In 1935, Morton had 33 businesses and Wallace Theatres built a movie theater on the northeast corner of the town square. The following year, Southwestern Associated Telephone Company installed a switchboard for the town’s telephone service. In January 1939, a natural gas distribution system was installed. In 1941, the Civilian Conservation Corps camp moved from Littlefield to Morton, employing about 175 young men who worked against wind and water erosion by building fences, planting trees, and developing farm and pasture lands. After the end of World War 2, Morton added a new hospital, airport, country club, high school and gymnasium, and bank.

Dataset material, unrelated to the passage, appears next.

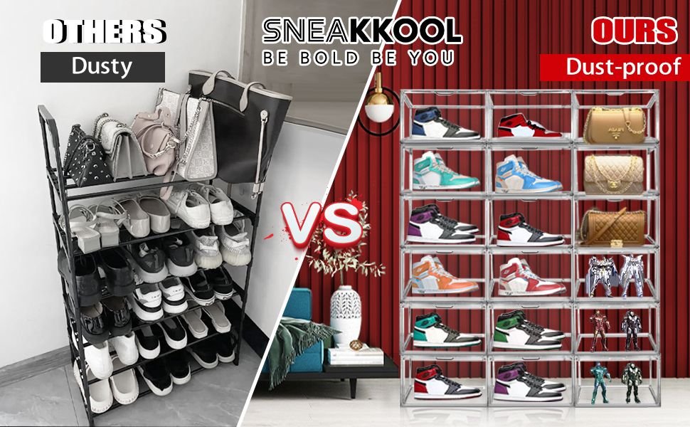 Not at all — Sneakkool Shoe Boxes feature a fully enclosed clip-on design to keep your sneakers dust-free and pristine at all times.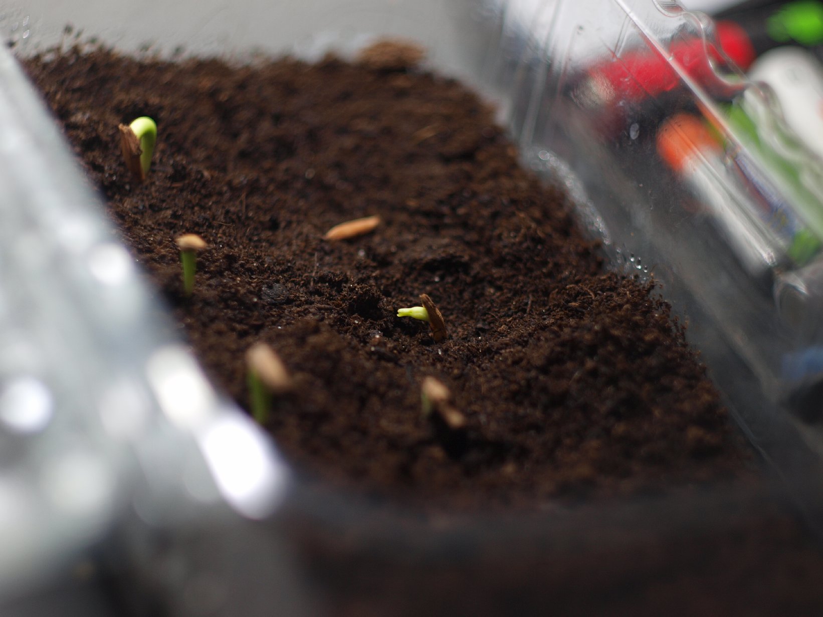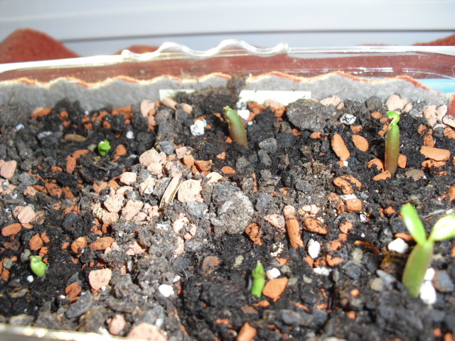 Zuerst habe ich kein Platikbehälter gefunden und deshalb die Samen in eine Kartonbox getan, nach 2 Tagen habe ich dann eine Platikbox von den Weintrauben genommen und die dort untergebracht, wobei die 3 links bereits gekeimt haben. Jetzt keimen 5 von 6 und hoffentlich wird der 6 auch keimen

By 1960, Morton’s population had grown to 2,731 and reached it apex in 1964, with 3,100. The AM radio station, 1280 KRAN, went on the air on December 6, 1961. The station broadcasted until the 1980′s. The 1970′s saw the beginning of the decline in Morton’s population, as well as the county as a whole, that has continued into the present day. By 2000, the population had shrank to 2,249. In 2010, that number had been further reduced to 2,006. Agriculture is the mainstay of the area’s economy, and oil production to a lesser degree. Over the years, many of the area’s small farms have been sold and incorporated into larger farming operations, resulting in an exodus of many families.  The boom-bust cycle of oil production hasn’t helped matters any, and most oil field service companies are located in adjacent counties. The scarcity of water in the county is another impediment to economic development.

Though Morton is suffering through a decline in businesses and population, as many rural Texas communities are today; those who remain are determined to make it work and hold onto the same enduring spirit and rugged individualism that the early settlers of Texas’ Last Frontier brought with them when this land was nothing but a lonely, treeless, and wind-swept prairie.

Sources: Cochran County Legacy: Texas Last Frontier 1924-1986 ( Morton, Texas: Last Frontier History Book Commission, 1986).

Elvis Eugene Fleming and David J. Murrah, Texas’ Last Frontier: A New History of Cochran County (Morton, Texas: Cochran County Historical Commission, 2001).

Morton south.
Approaching Morton city limit from the south on Texas State Highway 214 (South Main Street).
Morton east.
Approaching the southeast corner of the Morton town square on Texas State Highway 114 traveling west.
Morton main street.
Traveling south down Morton’s Main Street (Texas State Highway 214).
Morton St. Clair's.
The now defunct St. Clair’s Department Store sits on the west side of the Morton town square as a monument to a bygone era.
Morton water tower.
The Morton water tower rises in the background behind the elementary school.
Morton Rose theater.
The Rose Theater and north side of the courthouse square as it looked in the 1950′s. Reproduced from Cochran County Legacy, 1986.